Material shown: Begin
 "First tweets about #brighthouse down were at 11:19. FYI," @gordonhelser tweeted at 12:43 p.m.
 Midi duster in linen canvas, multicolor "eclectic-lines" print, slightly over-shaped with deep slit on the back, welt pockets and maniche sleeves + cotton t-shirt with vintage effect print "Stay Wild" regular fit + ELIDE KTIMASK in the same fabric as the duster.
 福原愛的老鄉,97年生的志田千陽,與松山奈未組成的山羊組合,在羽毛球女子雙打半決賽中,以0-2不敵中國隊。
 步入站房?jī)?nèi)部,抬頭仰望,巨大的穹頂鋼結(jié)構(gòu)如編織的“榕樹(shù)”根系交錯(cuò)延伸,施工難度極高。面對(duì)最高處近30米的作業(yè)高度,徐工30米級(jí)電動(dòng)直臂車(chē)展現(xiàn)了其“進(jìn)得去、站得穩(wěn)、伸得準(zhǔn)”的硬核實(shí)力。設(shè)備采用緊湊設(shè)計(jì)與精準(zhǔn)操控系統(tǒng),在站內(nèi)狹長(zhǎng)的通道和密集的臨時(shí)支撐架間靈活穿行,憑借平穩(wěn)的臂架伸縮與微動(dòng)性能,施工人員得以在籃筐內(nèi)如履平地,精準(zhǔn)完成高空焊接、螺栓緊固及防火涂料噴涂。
Material shown: End
Material shown: Begin
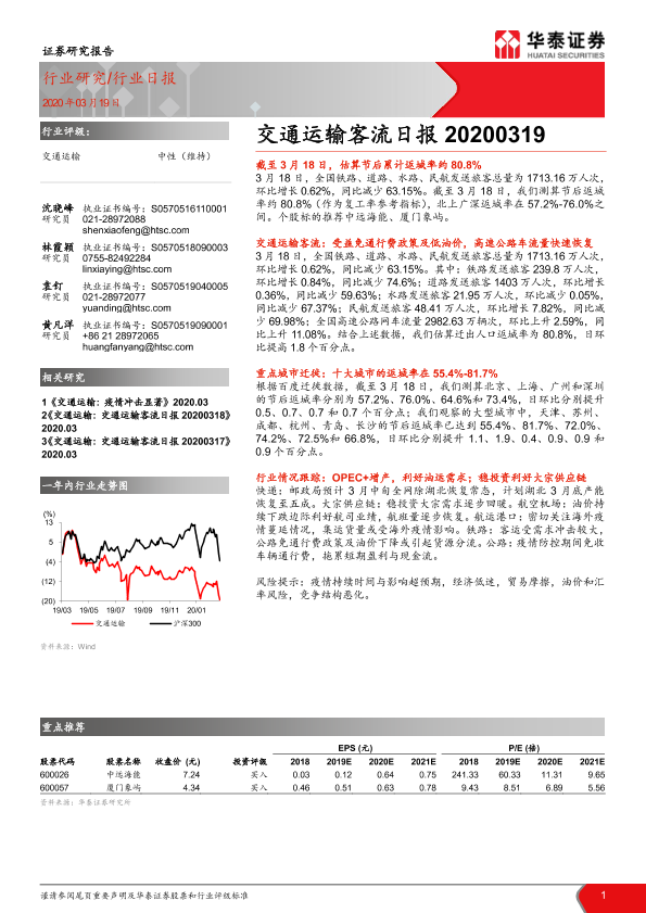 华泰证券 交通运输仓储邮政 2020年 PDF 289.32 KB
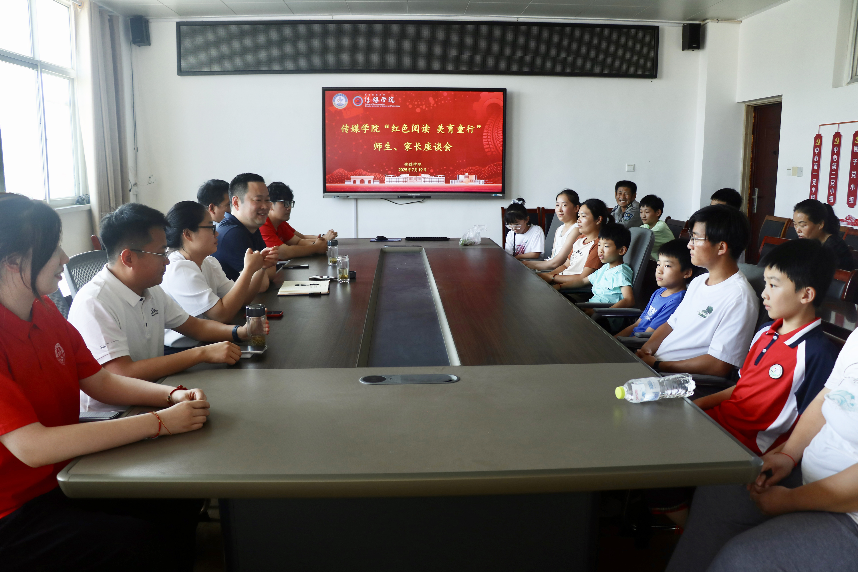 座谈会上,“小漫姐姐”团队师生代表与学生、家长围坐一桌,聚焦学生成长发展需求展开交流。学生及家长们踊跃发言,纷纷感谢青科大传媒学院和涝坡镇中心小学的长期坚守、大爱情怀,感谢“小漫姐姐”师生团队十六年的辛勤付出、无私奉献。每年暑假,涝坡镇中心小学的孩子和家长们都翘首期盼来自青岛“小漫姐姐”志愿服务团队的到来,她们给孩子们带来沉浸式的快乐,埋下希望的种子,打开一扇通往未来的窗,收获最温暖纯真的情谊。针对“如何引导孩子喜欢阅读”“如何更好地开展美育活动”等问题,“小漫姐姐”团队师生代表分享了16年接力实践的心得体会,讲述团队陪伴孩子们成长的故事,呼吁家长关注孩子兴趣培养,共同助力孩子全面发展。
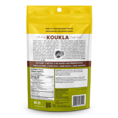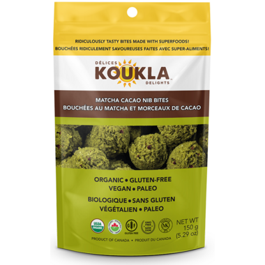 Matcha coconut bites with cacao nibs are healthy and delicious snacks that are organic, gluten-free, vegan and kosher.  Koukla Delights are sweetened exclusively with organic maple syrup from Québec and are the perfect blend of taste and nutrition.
Material shown: End
Material shown: Begin
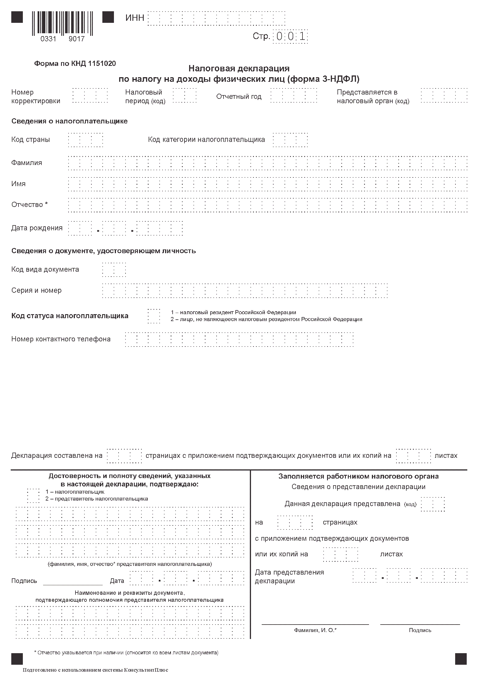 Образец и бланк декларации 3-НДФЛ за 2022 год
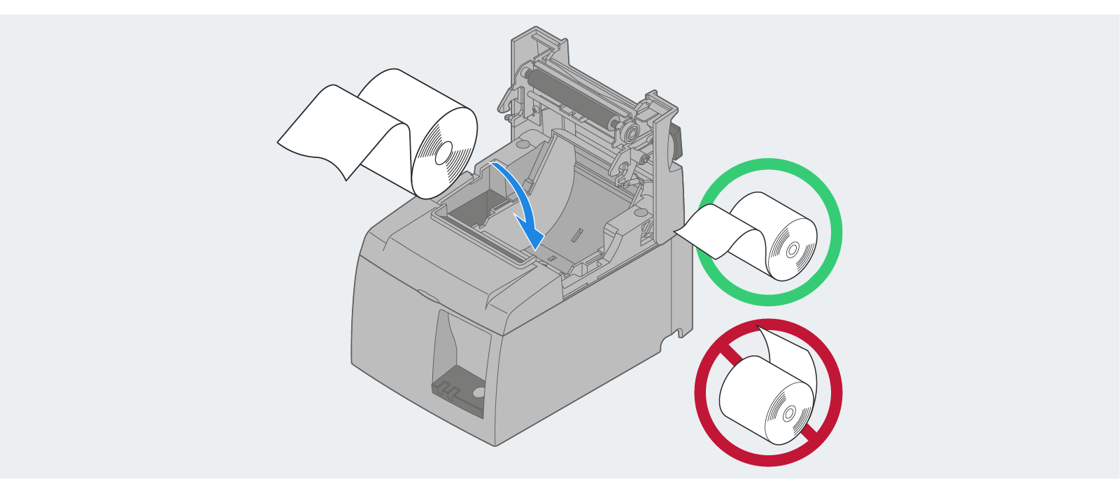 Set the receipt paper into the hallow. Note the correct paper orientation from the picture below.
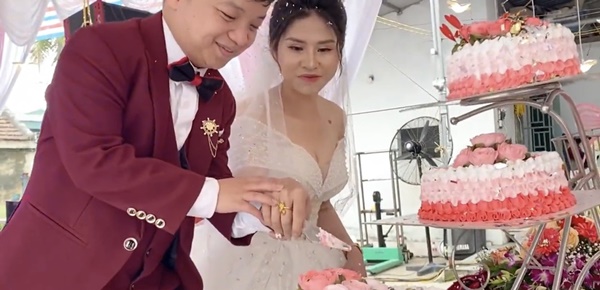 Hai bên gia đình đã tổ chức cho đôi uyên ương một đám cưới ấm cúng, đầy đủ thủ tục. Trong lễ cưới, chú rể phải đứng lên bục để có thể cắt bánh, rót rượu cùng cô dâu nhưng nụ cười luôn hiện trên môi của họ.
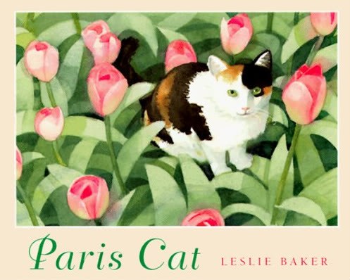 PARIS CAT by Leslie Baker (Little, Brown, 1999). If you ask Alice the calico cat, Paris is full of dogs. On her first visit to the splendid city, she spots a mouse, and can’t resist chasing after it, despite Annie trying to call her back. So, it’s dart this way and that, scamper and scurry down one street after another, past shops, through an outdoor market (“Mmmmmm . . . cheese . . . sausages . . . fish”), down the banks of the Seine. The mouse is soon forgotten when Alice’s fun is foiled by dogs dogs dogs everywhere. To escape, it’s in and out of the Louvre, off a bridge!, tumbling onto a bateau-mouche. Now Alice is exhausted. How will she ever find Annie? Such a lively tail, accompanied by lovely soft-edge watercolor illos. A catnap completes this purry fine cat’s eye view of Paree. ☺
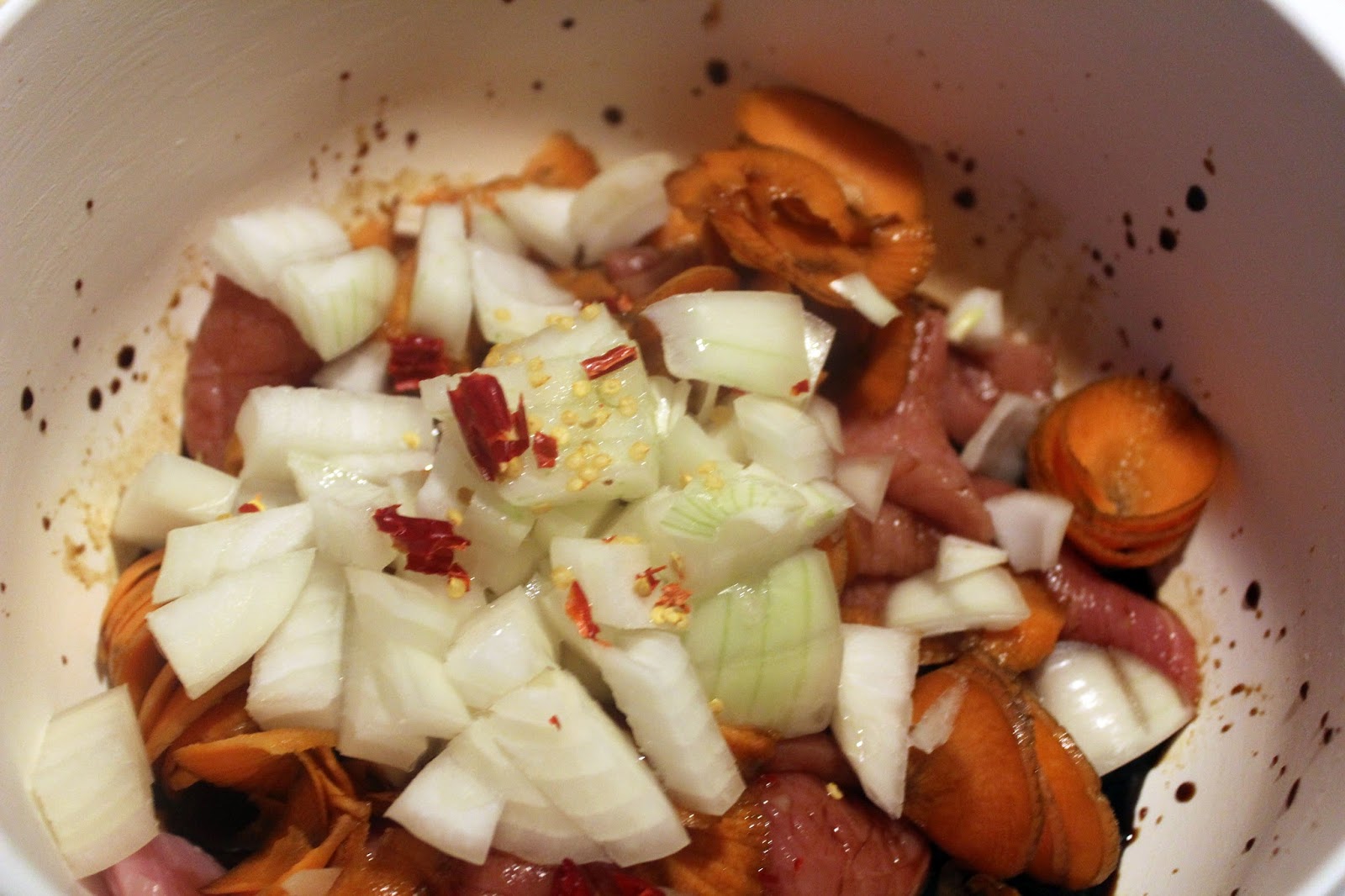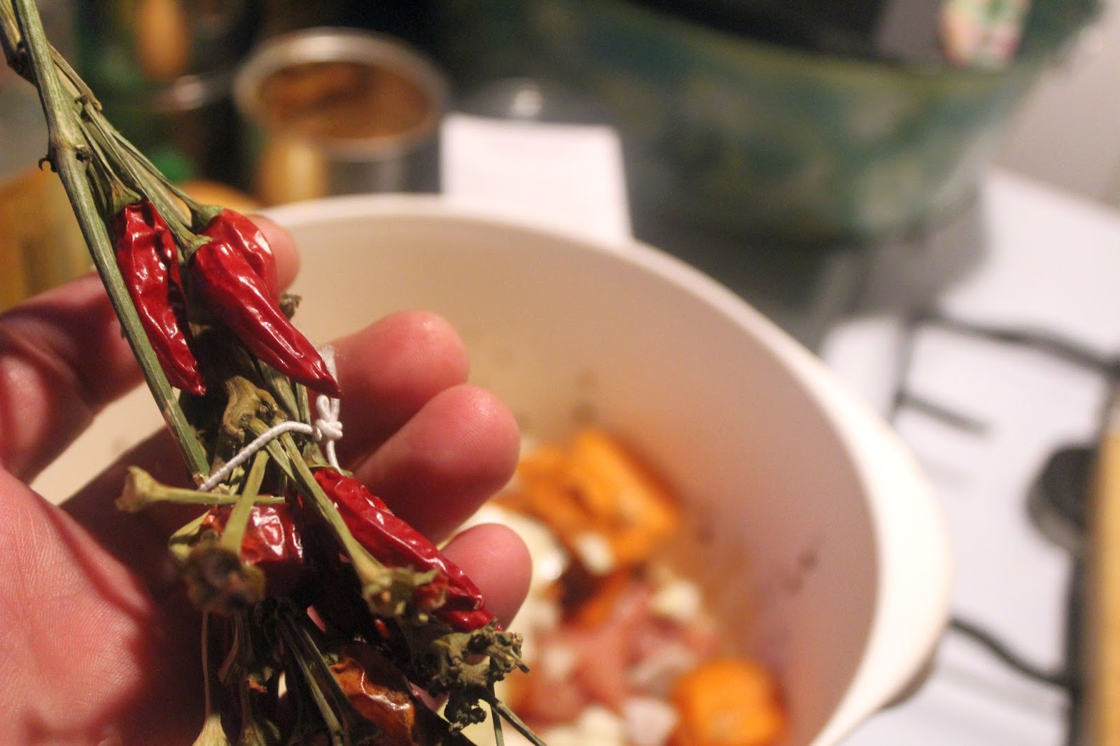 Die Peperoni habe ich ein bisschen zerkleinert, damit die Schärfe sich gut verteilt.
Material shown: End
■ Description of the task ■
From the listing above, repeat exactly the lines starting at the line that includes "Midi duster in" and ending at the line that includes "步入站房?jī)?nèi)部", with nothing outside that span.

■ Final answer ■
 Midi duster in linen canvas, multicolor "eclectic-lines" print, slightly over-shaped with deep slit on the back, welt pockets and maniche sleeves + cotton t-shirt with vintage effect print "Stay Wild" regular fit + ELIDE KTIMASK in the same fabric as the duster.
 福原愛的老鄉,97年生的志田千陽,與松山奈未組成的山羊組合,在羽毛球女子雙打半決賽中,以0-2不敵中國隊。
 步入站房?jī)?nèi)部,抬頭仰望,巨大的穹頂鋼結(jié)構(gòu)如編織的“榕樹(shù)”根系交錯(cuò)延伸,施工難度極高。面對(duì)最高處近30米的作業(yè)高度,徐工30米級(jí)電動(dòng)直臂車(chē)展現(xiàn)了其“進(jìn)得去、站得穩(wěn)、伸得準(zhǔn)”的硬核實(shí)力。設(shè)備采用緊湊設(shè)計(jì)與精準(zhǔn)操控系統(tǒng),在站內(nèi)狹長(zhǎng)的通道和密集的臨時(shí)支撐架間靈活穿行,憑借平穩(wěn)的臂架伸縮與微動(dòng)性能,施工人員得以在籃筐內(nèi)如履平地,精準(zhǔn)完成高空焊接、螺栓緊固及防火涂料噴涂。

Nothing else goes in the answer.